TASK :: Every line of the data below is to be given again as it appears, with the images removed.

DATA SHOWN ::
= = = =

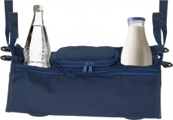Dank der schnellen Befestigung am Kinderwagengriff und der verstellbaren Riemen passt sich der Organizer den meisten Modellen an. Robustes Textilmaterial und Reißverschlusstaschen schützen den Inhalt vor Herausfallen und Witterung.
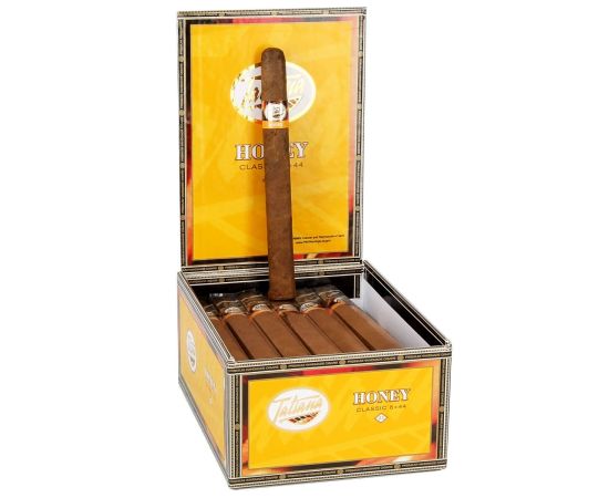The Tatiana Honey-Classic is a flavored Dominican cigar line offering a variety of sweet taste profiles in a classic format. From the first light, this cigar opens with vanilla and honey. As it develops, layers of sweet and cream emerge, creating a complex and satisfying profile. The smoke is smooth and well-balanced throughout. Wrapped in Connecticut wrapper over Dominican Republic binder and Dominican Republic filler, the Tatiana Honey-Classic delivers a sweet, approachable strength that appeals to all palates. Handcrafted in Dominican Republic, this cigar showcases expert blending and superior construction. This cigar pairs beautifully with coffee, iced tea, or a sweet cocktail.
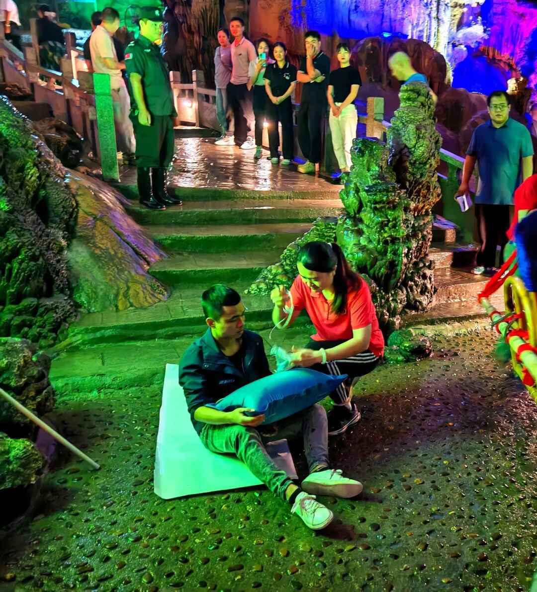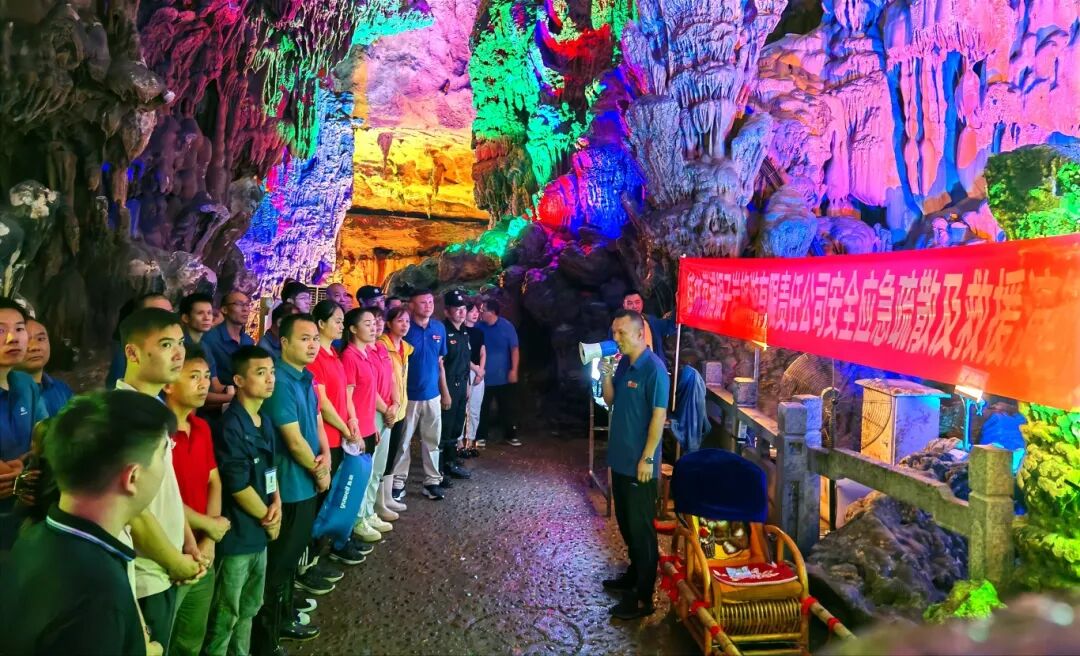 6月18日上午9时,演练人员抵达洞内演练指定地点,依据公司《应急疏散及救援演练方案》开展实地、实操演练。伴随演练指挥人员的一声令下,演练正式开始。先是洞内值班人员发现“神奇双柱”景点处有游客晕倒且出现拥堵状况,工作人员旋即向综合办公室汇报,综合办公室通过公司管理人员微信群通知各部门工作人员进洞实施医疗救护和疏散游客。工作人员抵达现场后,其一,医疗救护人员即刻给晕倒游客进行输氧操作;其二,救援人员用担架将晕倒游客抬出溶洞;其三,疏散人员以事发地点为界,分别将游客从进洞口和出洞口方向予以疏散。20多分钟后,晕倒游客被送上救护车辆前往医院救治,其他游客也被顺利疏散至地球记忆博物馆门口广场。至此,本次演练圆满结束。

= = = =

RESULT FOR THIS EXERCISE ::
Dank der schnellen Befestigung am Kinderwagengriff und der verstellbaren Riemen passt sich der Organizer den meisten Modellen an. Robustes Textilmaterial und Reißverschlusstaschen schützen den Inhalt vor Herausfallen und Witterung.
The Tatiana Honey-Classic is a flavored Dominican cigar line offering a variety of sweet taste profiles in a classic format. From the first light, this cigar opens with vanilla and honey. As it develops, layers of sweet and cream emerge, creating a complex and satisfying profile. The smoke is smooth and well-balanced throughout. Wrapped in Connecticut wrapper over Dominican Republic binder and Dominican Republic filler, the Tatiana Honey-Classic delivers a sweet, approachable strength that appeals to all palates. Handcrafted in Dominican Republic, this cigar showcases expert blending and superior construction. This cigar pairs beautifully with coffee, iced tea, or a sweet cocktail.
 6月18日上午9时,演练人员抵达洞内演练指定地点,依据公司《应急疏散及救援演练方案》开展实地、实操演练。伴随演练指挥人员的一声令下,演练正式开始。先是洞内值班人员发现“神奇双柱”景点处有游客晕倒且出现拥堵状况,工作人员旋即向综合办公室汇报,综合办公室通过公司管理人员微信群通知各部门工作人员进洞实施医疗救护和疏散游客。工作人员抵达现场后,其一,医疗救护人员即刻给晕倒游客进行输氧操作;其二,救援人员用担架将晕倒游客抬出溶洞;其三,疏散人员以事发地点为界,分别将游客从进洞口和出洞口方向予以疏散。20多分钟后,晕倒游客被送上救护车辆前往医院救治,其他游客也被顺利疏散至地球记忆博物馆门口广场。至此,本次演练圆满结束。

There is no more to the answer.